The Democrats are trying to remedy that. Former Clinton chief of staff John Podesta has been working with other Democrats to create platforms and positions that make sense for Democrats -- and to open a new think tank, the American Majority Institute, that would help feed the press and the public a more steady diet of progressively oriented facts and views.

It remains to be seen whether voters -- or enough of them, anyway -- will be interested. If Sept. 11 brought the country together, events since then have torn it back apart. A "report" released this week by the Pew Research Center for the People and the Press shows Americans are more polarized along partisan lines than ever before. The Pew polling revealed that "political polarization is now as great as it was prior to the 1994 midterm elections that ended four decades of Democratic control in Congress." Worse still, the Republicans and Democrats among the electorate have become "more intense in their political beliefs" than they were then.

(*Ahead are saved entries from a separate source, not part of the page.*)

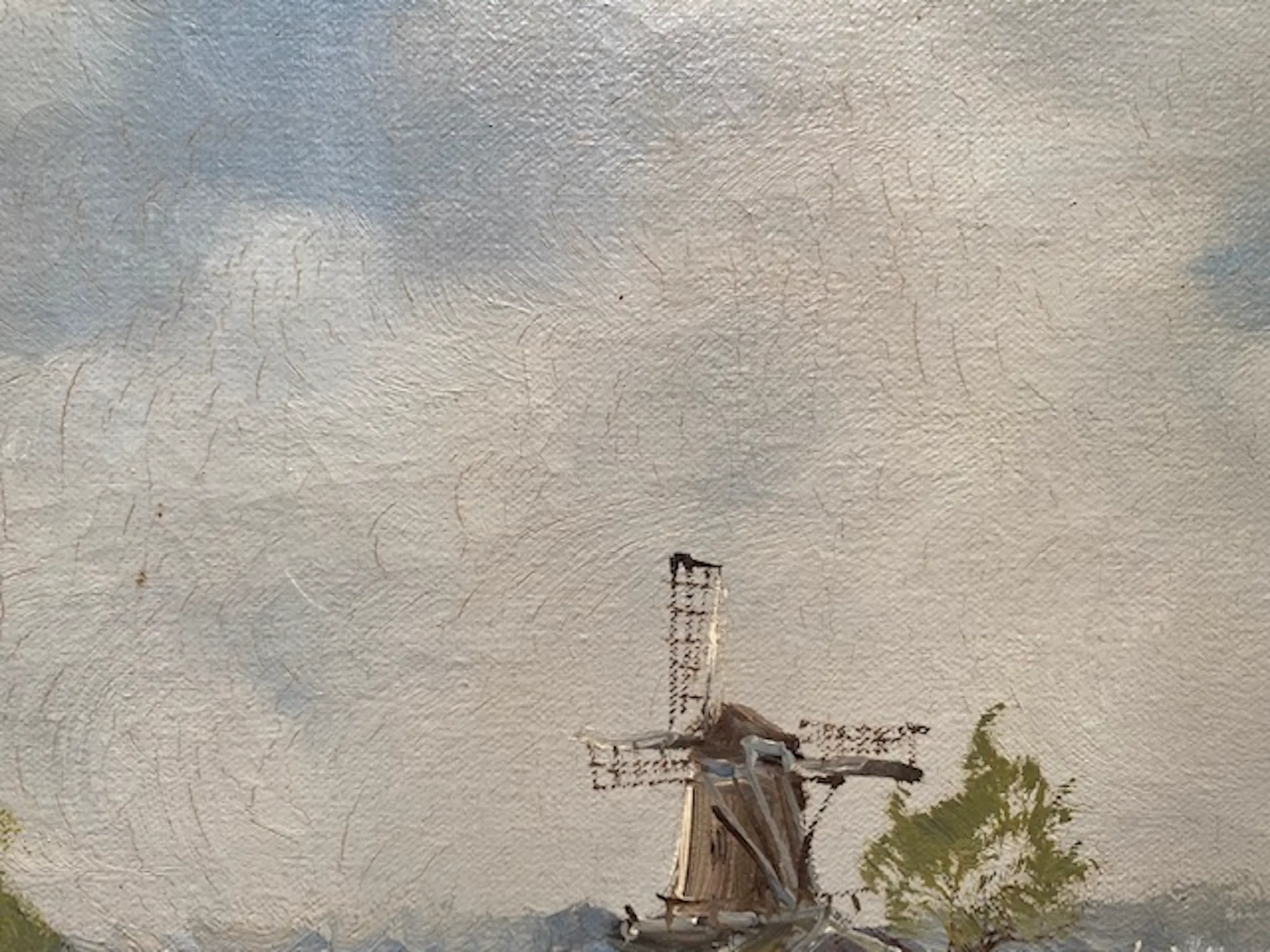Een impressie van twee molens in een typisch Hollands polderlandschap. Jan Kelderman (1914-1990) was een aimabele Nederlandse schilder en handelaar welke bekend staat om zijn typisch Nederlandse landschappen, zee- en stadsgezichten. Hij was een autodidact welke op latere leeftijd nog een opleiding. Hij verkocht zijn schilderijen aan bedrijven, op tentoonstellingen en markten, in hotels en in zijn stamcafé.
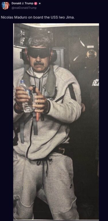 Donald Trump ha postato su Truth la foto di Nicola Maduro in manette. Il dittatore venezuelano è immortalato a bordo della nave militare americana Iwo Jima ammanettato, legato a un sedile e costretto a stare seduto con una bottiglietta d’acqua in mano. Maduro indossa un paio di occhiali oscuranti che gli avrebbero impedito quindi di vedere il percorso che lo ha portato a bordo della nave. I militari americani gli hanno anche coperto le orecchie con un paio di cuffie isolanti. Maduro indossa una tuta grigia dell’americana Nike. Non è chiaro però se quell’abbigliamento gli sia stato imposto o fosse già vestito così al momento della cattura nella sua camera da letto assieme alla moglie.
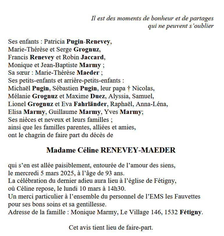 Madame Céline RENEVEY-MAEDER 02 jan. 1932 - 05 mar. 2025 Avis mortuaire PFG Télecharger PDF Partager sur: Galerie
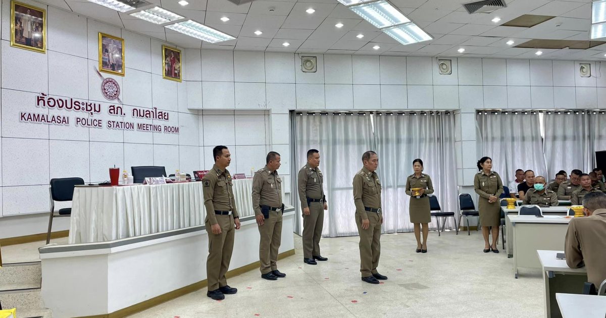 ประชุมประจำเดือน/พิธีประดับยศ 16 พฤศจิกายน 2566 โดย admin / การปฏิบัติหน้าที่ของตำรวจ,ข่าวภารกิจผู้บังคับบัญชา,ประชาสัมพันธ์กิจกรรมของหน่วย วันที่ 15 พฤศจิกายน 2566 เวลา 13.30 น. พ.ต.อ.ธีรวุฒิ วงศาอ้วน ผกก.สภ.กมลาไสย พ.ต.ท.ประพนธ์ ภูจอมนิล รอง ผกก.(สอบสวน) สภ.กมลาไสย พ.ต.ท.นครินทร์ ศรีอัครวิเนต รอง ผกก.ป.สภ.กมลาไสย พ.ต.ท.ถาวร ยอดยรรยง รอง ผกก.สส.สภ.กมลาไสย พ.ต.ท.มงคล เจียงภูเขียว สวป.สภ.กมลาไสย พ.ต.ท.ภูษิต โคตรแสงอ่อน สว.อก.สภ.กมลาไสย พ.ต.ต.อมร เดชศรี สว.สส.สภ.กมลาไสย และข้าราชการตำรวจ สภ.กมลาไสย ร่วมประชุมประจำเดือน ชี้แจงข้อราชการต่าง ๆ ของผู้บังคับบัญชา ให้กำลังพลทุกนายทราบ กำชับการปฏิบัติหน้าที่ และหัวหน้างานป้องกันปราบปราม งานจราจร งานสอบสวน งานสืบสวน งานอำนวยการ สรุปผลการปฏิบัติงานประจำเดือนให้ผู้บังคับบัญชาทราบ พร้อมร่วมพิธี ประดับยศให้กับข้าราชที่ได้รับการเลื่อนยศให้สูงขึ้น ทั้งหมด 15 นาย ณ ห้องประชุม ชั้น 4 สถานีตำรวจภูธรกมลาไสย FacebookFacebookXXLINELine

For Democrats who need to appeal to their party faithful, carve away at the president's poll numbers, and then put together a winning message in 2004, the polarization of the populace makes a difficult task even more daunting.

"There's been a ratchet toward the antiwar left in Iowa as a result of the Dean surge, but the good news is that a lot of the swing voters and moderates aren't paying attention yet," said the Progressive Policy Institute's Marshall. "But the candidates have got to be careful, because you can't say one thing now and then strike a diametrically opposed position next November."